[INPUT FOR THIS TASK]
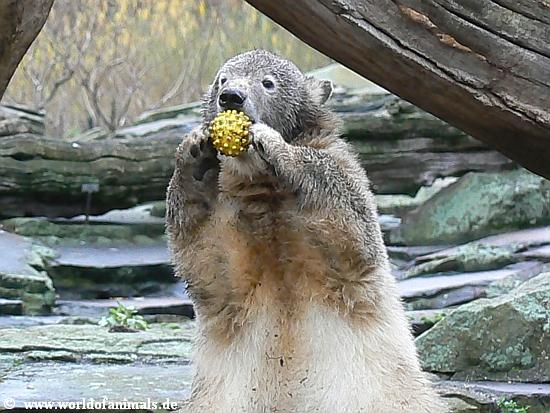 Es lohnt sich doch immer, spät abends noch einmal einen Blick in deinen Blog zu werfen! Denn da sind sie ja wieder - ganz bezaubernde Bilder von Knut - zur Abwechslung mal mit gelbem Quietscheball. Danke!
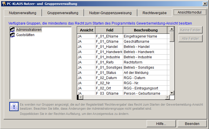 Speziell für das PC-KLAUS Gewerbe - Ansichtsmodul können Sie die Felder festlegen, welche den Anwendern zur Ansicht dargestellt werden. Auch hier erfolgt die Festlegung der verfügbaren Ansichtsfelder über die vorhandenen Gruppen.
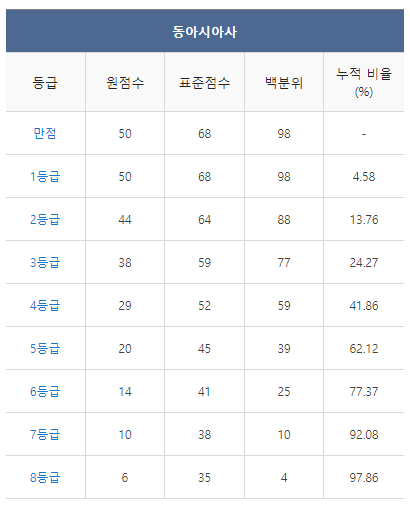 [2021년 6월 고3 모의고사/모의평가 동아시아사 등급컷]
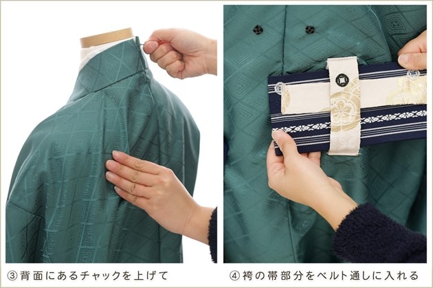 1・足袋を履いて、着物のチャックを広げる 2・着物を置いて足から入る 3・手を通してチャックを一番上まで上げ、袴の紐をベルトを通す 4・3つのボタンを留めて、羽織を着せたら完成! (※チャックは型崩れしないように少し硬め仕様になっております。) ※約90秒で誰でも簡単に着付けが可能です ※付属のサスペンダーで身長に合わせて袴の長さ調整も可能です ◆着せ方の簡易動画はこちらから
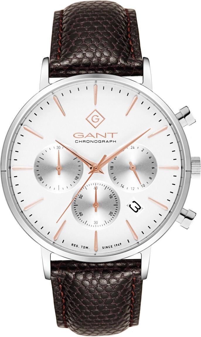 Gant Park Avenue Chrono G123001 ranteessasi pääset maistamaan seurapiirielämää vaikka omalla kotisohvallasi! Tämä ylellinen kellomalli on varustettu sekuntikellolla ja aidolla 20 mm nahkarannekkeella. 42 mm leveä runko on valmistettu ruostumattomasta teräksestä ja sen valkoista kellotaulua suojaa laadukas mineraalilasi. Mukana myös päivyrinäyttö sekä 24 h taulu.
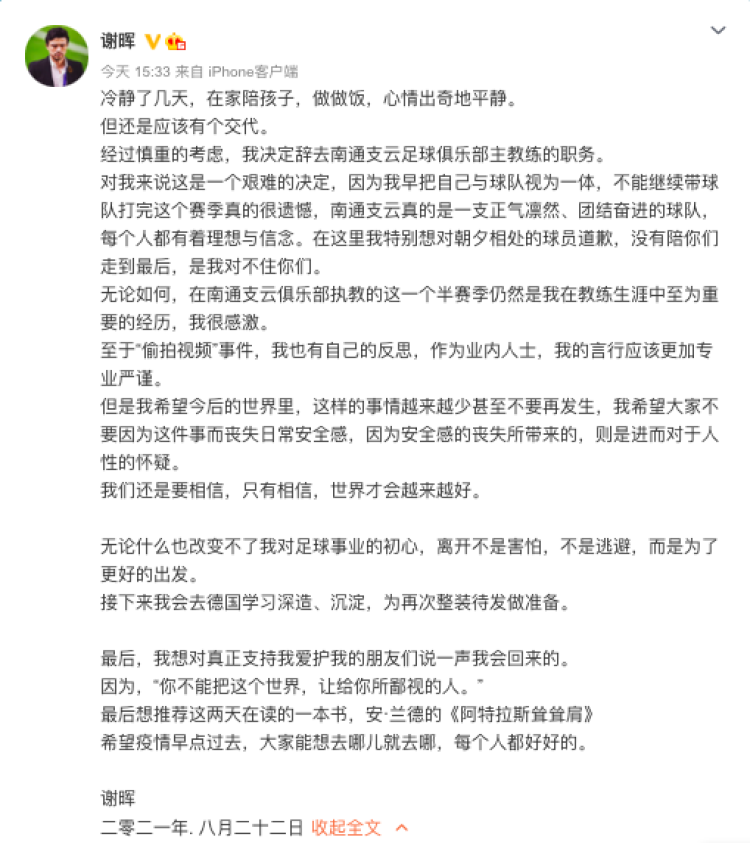8月22日,事件又有新进展下午,谢晖在微博上表示决定辞去南通支云队主教练的职务然后会去德国学习深造提升自己的足球业务能力 ↓↓↓
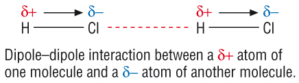 The d+ end of one molecule will be attracted to the d- end of a neighboring molecule.
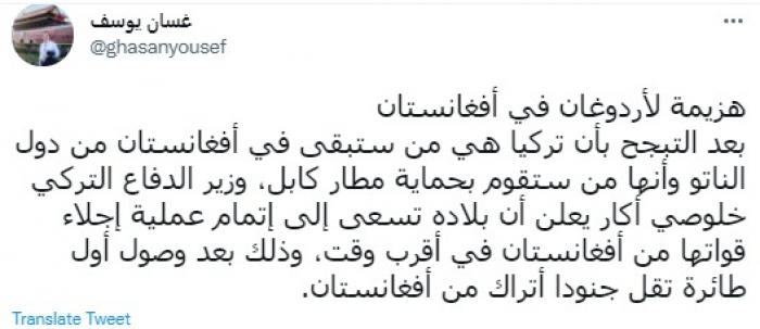 وقال في تغريدة عبر "تويتر" رصدها "المشهد العربي": "هزيمة لأردوغان في أفغانستان بعد التبجح بأن تركيا هي من ستبقى في أفغانستان من دول الناتو وأنها من ستقوم بحماية مطار كابل".
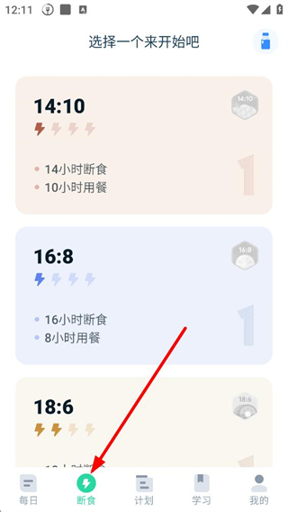2、點擊斷食板塊,可選擇14點10分、16點8分、18點6分等不同斷食模式,根據自身情況挑選適合的斷食計劃。

[WHAT IS BEING ASKED] The expected output is an exact copy of the lines from the one with "Speziell für das" to the final line of the entries above, pictures excepted; please include both ends.

[SOLUTION]
 Speziell für das PC-KLAUS Gewerbe - Ansichtsmodul können Sie die Felder festlegen, welche den Anwendern zur Ansicht dargestellt werden. Auch hier erfolgt die Festlegung der verfügbaren Ansichtsfelder über die vorhandenen Gruppen.
 [2021년 6월 고3 모의고사/모의평가 동아시아사 등급컷]
 1・足袋を履いて、着物のチャックを広げる 2・着物を置いて足から入る 3・手を通してチャックを一番上まで上げ、袴の紐をベルトを通す 4・3つのボタンを留めて、羽織を着せたら完成! (※チャックは型崩れしないように少し硬め仕様になっております。) ※約90秒で誰でも簡単に着付けが可能です ※付属のサスペンダーで身長に合わせて袴の長さ調整も可能です ◆着せ方の簡易動画はこちらから
 Gant Park Avenue Chrono G123001 ranteessasi pääset maistamaan seurapiirielämää vaikka omalla kotisohvallasi! Tämä ylellinen kellomalli on varustettu sekuntikellolla ja aidolla 20 mm nahkarannekkeella. 42 mm leveä runko on valmistettu ruostumattomasta teräksestä ja sen valkoista kellotaulua suojaa laadukas mineraalilasi. Mukana myös päivyrinäyttö sekä 24 h taulu.
8月22日,事件又有新进展下午,谢晖在微博上表示决定辞去南通支云队主教练的职务然后会去德国学习深造提升自己的足球业务能力 ↓↓↓
 The d+ end of one molecule will be attracted to the d- end of a neighboring molecule.
 وقال في تغريدة عبر "تويتر" رصدها "المشهد العربي": "هزيمة لأردوغان في أفغانستان بعد التبجح بأن تركيا هي من ستبقى في أفغانستان من دول الناتو وأنها من ستقوم بحماية مطار كابل".
2、點擊斷食板塊,可選擇14點10分、16點8分、18點6分等不同斷食模式,根據自身情況挑選適合的斷食計劃。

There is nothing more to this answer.